Let's create a new rails application, we'll build a model, and then we'll sync tweets into our database using the Twitter gem, and then we'll just hit the local copies of the tweets in order to be able to test this out a lot easier. rails new sentimental_tweets is the name of our rails application, and so we'll install this, we'll install the Twitter gem next, and we'll go ahead and plug in the Twitter client, and then go ahead and create a model for all of that. Let's dive into this, and let's open up the Gemfile, and so here let's get the Twitter gem, and we'll grab the latest version of that, and let's go ahead and create a model so that we can save copies of those tweets. Let's go ahead and do that once the bundle command is finished.

Now that that's finished installing, let's hop back over to the README and take a look and see what we're going to want to save as attributes in our tweet model.

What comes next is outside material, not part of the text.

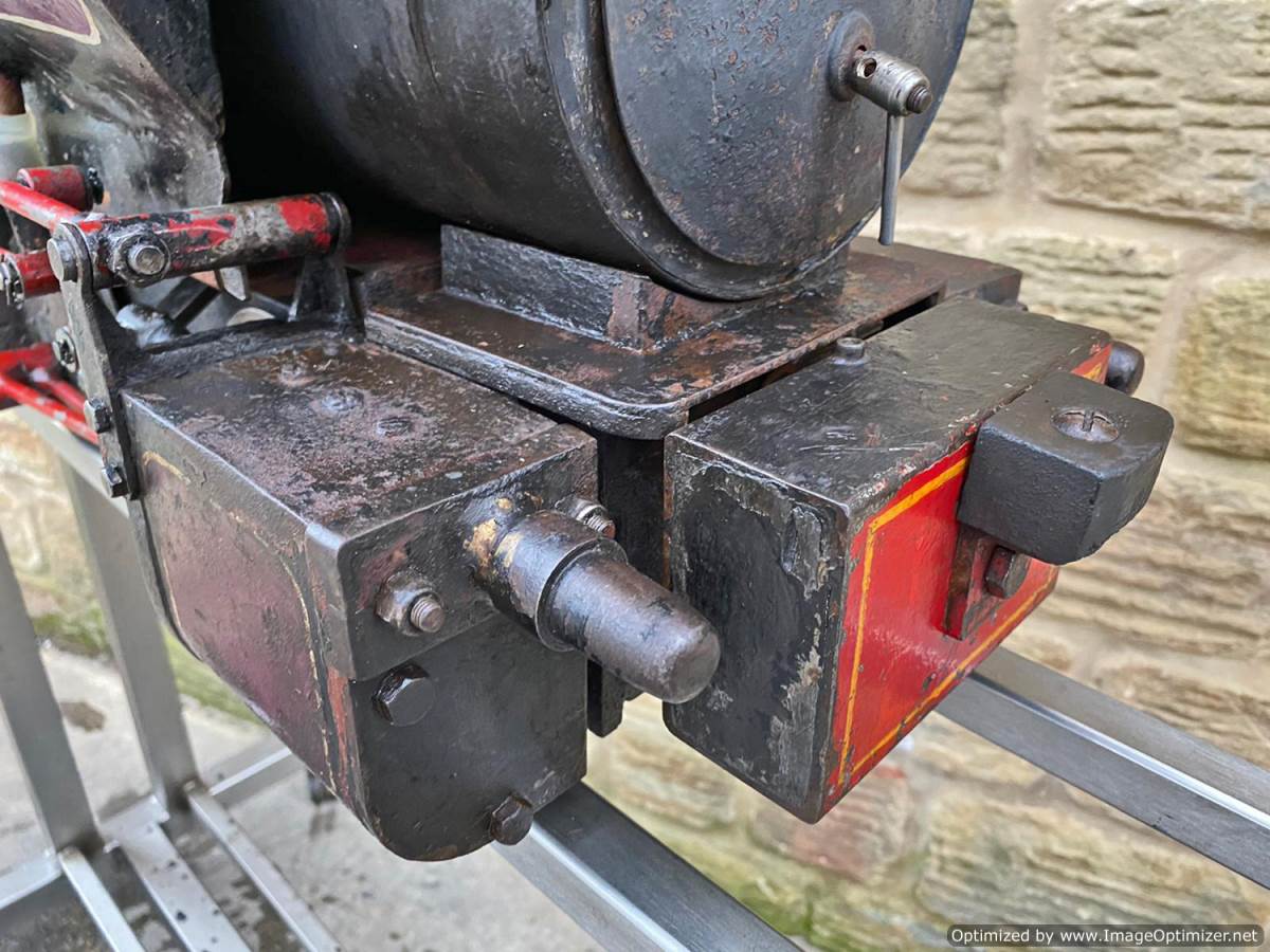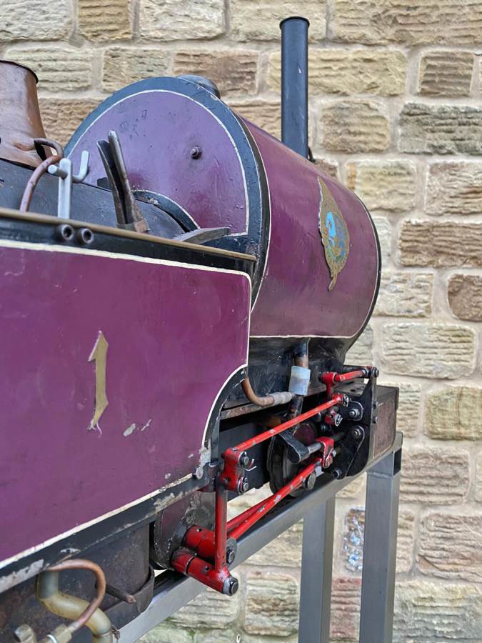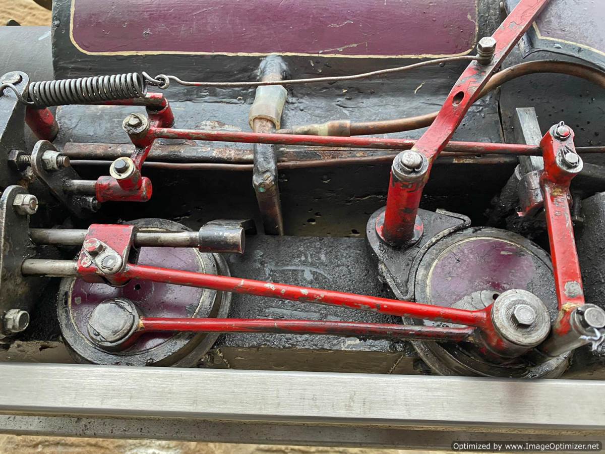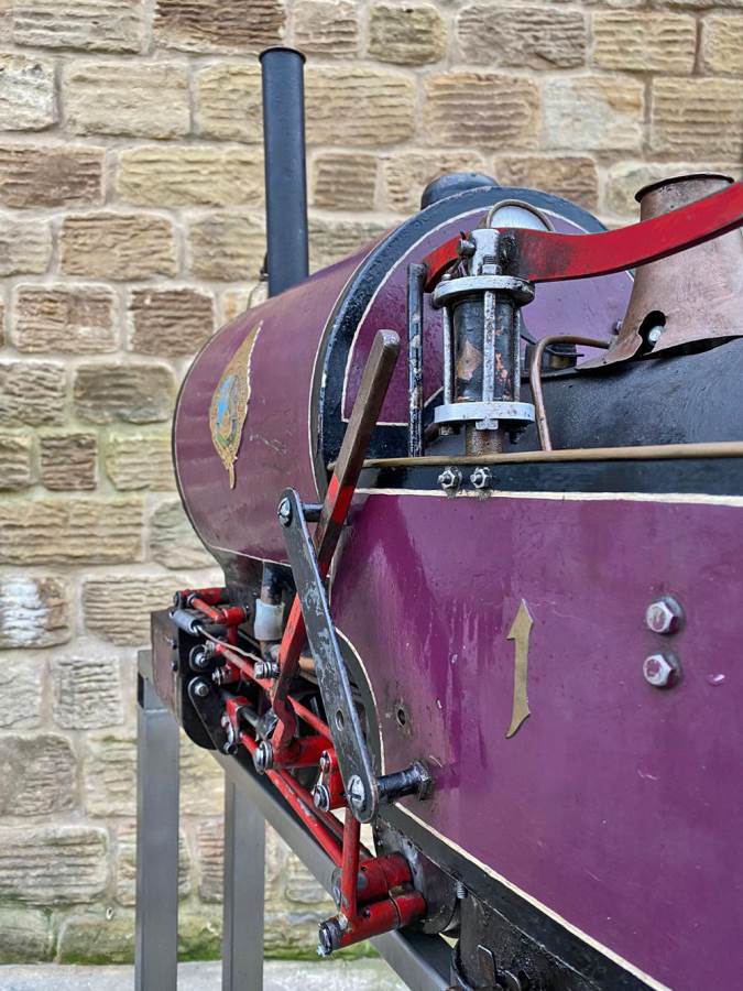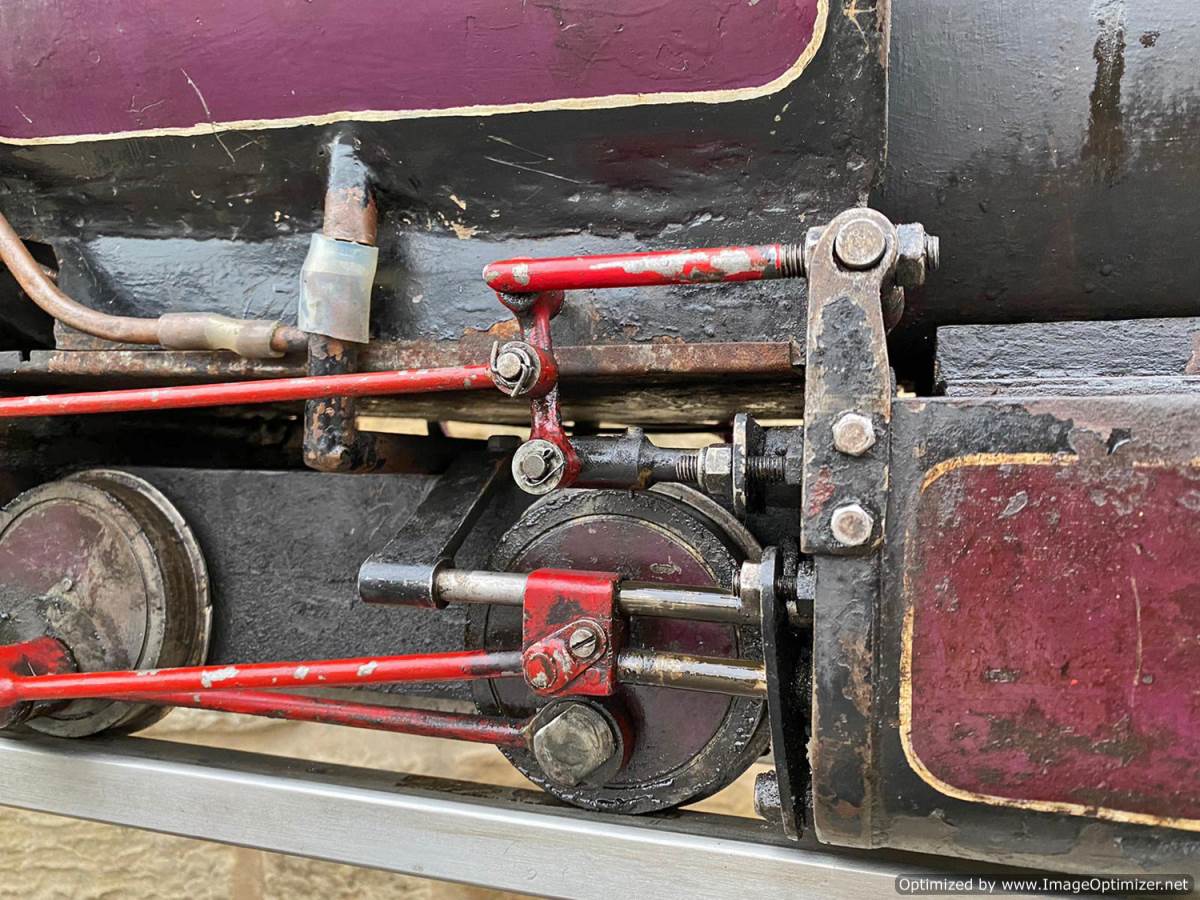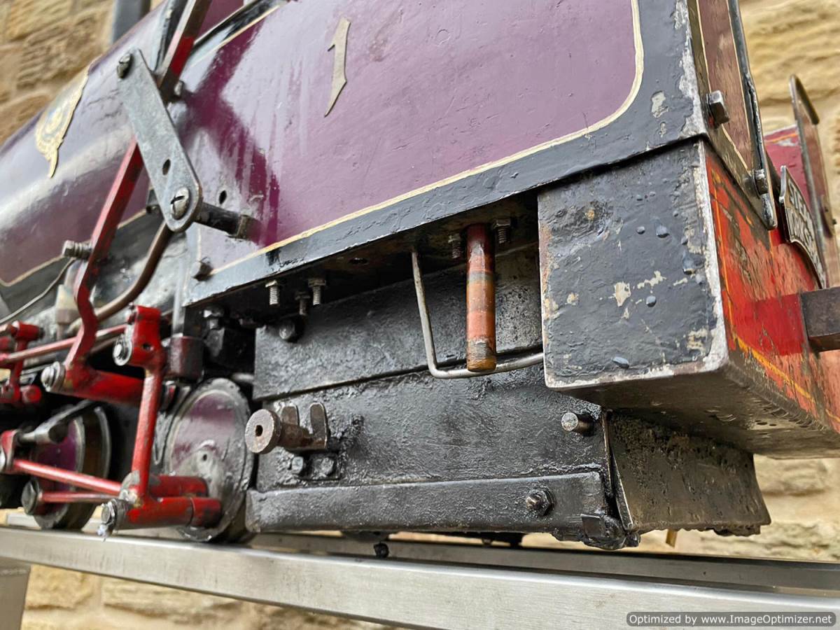 Here we have a slightly off the wall but endearing beast!  A 5" gauge 'Emmet' style 0-4-0 saddle tank.  She's big n heavy too, a good bit bigger than a Sweet Pea, and a heavy two person lift.  All clearly to the builder's somewhat eccentric ideas, the valve gear is essentially Hackworth, but without a return crank.  Instead the motion is directly taken from the rear of the coupling rods and then there is a rocker shaft to reverse the direction of the motion, and judging by the immense levels of mucky oil that the loco arrived at the workshops wearing,.... it worked well enough!  We've included a photo of the loco in happier times and it appears to be running and pulling well.

This gem actually parses the text that you give it, and then it gives you either a positive, negative or neutral string that you can get back, so you can see that when you call sentiment on some text, that will give you a symbol back. We can save that, and that would allow for easier searching in our database, but the actual detail of the score might be useful in a lot of cases, so you might want to analyze this and be able to adjust the queries based on the score rather than just the very broad, generic, positive, negative and neutral. This score is probably going to be the most important piece to actually cache, and we're going to want to do this and cache that sentiment score and possibly the sentiment in general so that we have this important thing of basically like: We only do this one time, we only make that calculation one time so we'll save it into the database, and then we can look it up because the text shouldn't be changing for these tweets. We will set it up so that anytime the text changes in the tweet, we'll go ahead and rerun the sentiment analysis, and then save those attributes on the model. Let's generate our model, and then we'll go and actually implement the sinking from Twitter, and then sentiment analysis itself. Let's generate a scaffold called Tweet, rails g scaffold Tweet body:text sentiment score:decimal, rake db:migrate We will now just implement the Twitter client in order to sync some tweets down, we'll do that really simply using the Twitter gem and the search that they provide. We'll just search like "Microsoft" or something. "Rails", "JavaScript", whatever, and then we'll sync those tweets to the database and then we will do sentiment analysis on those. If you head over to the configuration section in the Twitter README, it gives you an example on how to set up the client. I'm actually going to put this inside of the Tweet model, and we'll have a sync method, and this will just be what we use in order to sync this over. We're going to swap all of these strings instead of hard-coding them. I'm going to use Rails application secrets.

app/models/tweet.rb

class Tweet < ApplicationRecord 
    def sync 
        client = Twitter::REST::Client.new do |config|
            config.consumer_key         =  Rails.application.secrets.consumer_key
            config.consumer_secret      =  Rails.application.secrets.consumer_secret
            config.access_token         =  Rails.application.secrets.access_token
            config.access_token_secret  =  Rails.application.secrets.access_token_secret
        end
    end
end

The access tokens are going to be the ones that come from your users who have OAuth. I'm going to hard-code some in in the secrets file for myself without doing OAuth because if you go into the apps section on Twitter you can just grab that string there that they give you to meke testing their API a little bit easier, but in the future you'd actually want to pull this like from the user model or wherever you saved the OAuth tokens that you would get back from like OmniAuth.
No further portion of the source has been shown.